Sidney M. Wolfe, M.D., director of the Public Citizen Health Research Group, in a letter to the New England Journal of Medicine, said, "The education of patients -- or physicians -- is too important to be left to the pharmaceutical industry." Wolfe called on the National Institutes of Health and the U.S. Food and Drug Administration to "replace tainted drug company 'education' with scientifically based, useful information that will stimulate better conversations between doctors and patients and lead to true empowerment."

The American Medical Association, while refusing to petition the government to ban DTC advertising, has called for a regulation requiring ads to feature the sentence, "Your physician may recommend other appropriate treatments." In addition, the AMA plans to collaborate with the National Council for Patient Information and Education to create and distribute materials that will educate consumers and physicians about the risks, benefits and potentially misleading information in drug ads.

Critics of consumer-oriented promotion of prescription drugs say that ads are changing the physician-patient relationship and that physicians will feel pressured to prescribe drugs that patients ask about based on advertising.
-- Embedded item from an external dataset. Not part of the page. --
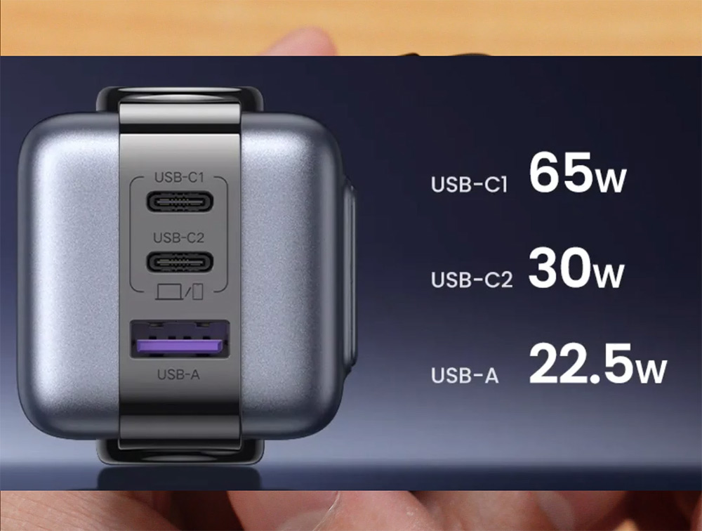 1번 포트는 65W, 2번포트는 30W, 3번포트는 22.5W 최대 가능 합니다. 총 합산출력은 65W로 제한이 있어서 여러기기를 동시에 연결시에는 각 포트의 출력이 낮아집니다.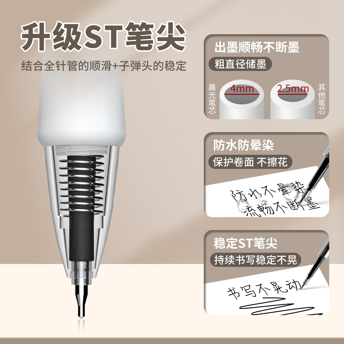晨光PET按动笔芯k35中性笔笔芯ST按压式黑色0.5mm全针管子弹头按动签字GP1008水笔芯替换芯学生考试用小霸王

One study in Health Affairs concluded, "Clinical quality of care is harmed by DTC advertising." However, while definitive studies of the effect of advertising are only beginning, the preliminary findings do not seem to support the critics' worst-case fears.

Researchers led by Meredith Rosenthal, Ph.D., of the Harvard School of Public Health wrote in the New England Journal of Medicine, "The relatively moderate emphasis on direct-to-consumer advertising by the pharmaceutical industry contrasts with the apparent degree of concern about it among physicians and policy makers."

One survey Rosenthal cited "found that 71 percent of family physicians believe that direct-to-consumer advertising pressures physicians into prescribing drugs that they would not ordinarily prescribe."

Rosenthal's team found "relatively few people surveyed (less than 6 percent), however, actually received a prescription for the advertised drug after being prompted by direct-to-consumer advertising to ask their doctor about the drug."